원래 모델과 완전히 같은 구조로 저장하면, 다른 예시를 넣어도 weights를 공유할 수 있습니다! 아이폰 충전기로 갤럭시 노트 10을 충전할 수는 없지만, 갤럭시 s9 충전기로 갤럭시 노트10은 충전할 수 있죠? 이처럼 구조가 같다면(충전기처럼) weights를 공유할 수 있습니다.

자, 이제 학습되지 않은 새 모델을 구축하고 테스트셋에서 평가해 봅시다.

# Create a basic model instance
model = create_model()# Evaluate the model
loss, acc = model.evaluate(test_images, test_labels)
print("Untrained model, accuracy: {:5.2f}%".format(100*acc))
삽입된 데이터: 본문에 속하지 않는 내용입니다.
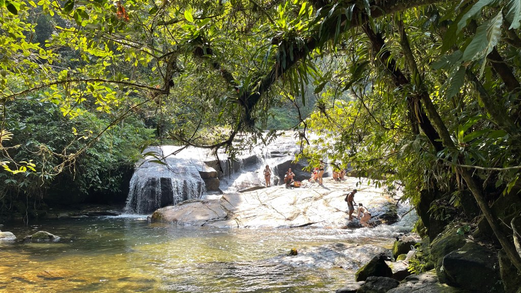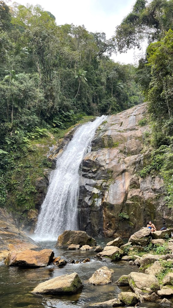 Er gab uns auch noch ein paar gute Tipps für die nähere Umgebung und so verließen wir am Sonntag, den 28.08.22 unseren Stellplatz am Strand und fuhren auf einen nahegelegenen Parkplatz am Waldrand. Der war zwar Wider seiner Aussage nicht kostenfrei, aber der ideale Ausgangspunkt für eine etwa zweistündige Wanderung durch den dicht bewachsenen, grünen atlantischen Regenwald. Der Weg führte zu insgesamt drei schönen Wasserfällen, alle mit Bademöglichkeit. Allerdings war das Wasser extrem frisch und lediglich Simon nahm ein ganz kurzes, reinigendes Bad. 😃🛁 Ich zog die Dusche am Parkplatz vor, wenn gleich diese vermutlich nicht minder kalt war. Aber zumindest konnte ich dort auch gleich noch meine Haare waschen und Simon rasierte mir zuvor noch meinen undercut nach. Was man auf Parkplätzen nicht so alles machen kann! 🤣 Nachmittags zog sich der Himmel zu und es begann leicht zu nieseln. Wir fuhren noch einige wenige Kilometer in Richtung Sao Sebastiao bis zu einem Parkplatz in direkter Strandnähe, an dem sich auch ein kleiner Kiosk (mit WLAN) sowie ein Restaurant (mit Toilette) befand und verbrachten dort die Nacht.

아직 학습시키지 않았기 때문에 정확도가 굉장히 낮을 것입니다.

경축! 아무것도 안하여 에스천사게임즈가 새로운 모습으로 재오픈 하였습니다.
어린이용이며, 설치가 필요없는 브라우저 게임입니다.
https://s1004games.com

그러면 이번에는 전에 저장해 둔 checkpoint를 불러오고 다시 평가해봅시다.

# Loads the weights
model.load_weights(checkpoint_path)# Re-evaluate the model
loss,acc = model.evaluate(test_images, test_labels)
print("Restored model, accuracy: {:5.2f}%".format(100*acc))

전자와 후자의 정확도를 비교해보세요.

IOW, compare it with the results that the following model fitting achieved previously:

model.fit(train_images, 
          train_labels,  
          epochs=10,
          validation_data=(test_images,test_labels),
          callbacks=[cp_callback])

3. Checkpoint Callback 옵션

앞에서 예상하셨겠지만, Checkpoint와 관련해서 몇가지 옵션을 선택할 수 있습니다. 시험공부 하거나 논문을 읽을 때 몇 페이지 내내 계속 같은 개념에 대해서만 나오면 효율을 위해서 “아, 뒤쪽 좀 읽고 좀이따 돌아와서 읽어야지~” 하고 넘어가신 적 있으실텐데요, checkpoint도 이렇게 효율적으로 쓸 수 있도록 이름을 붙이고 매 epoch마다 저장할 수 있습니다.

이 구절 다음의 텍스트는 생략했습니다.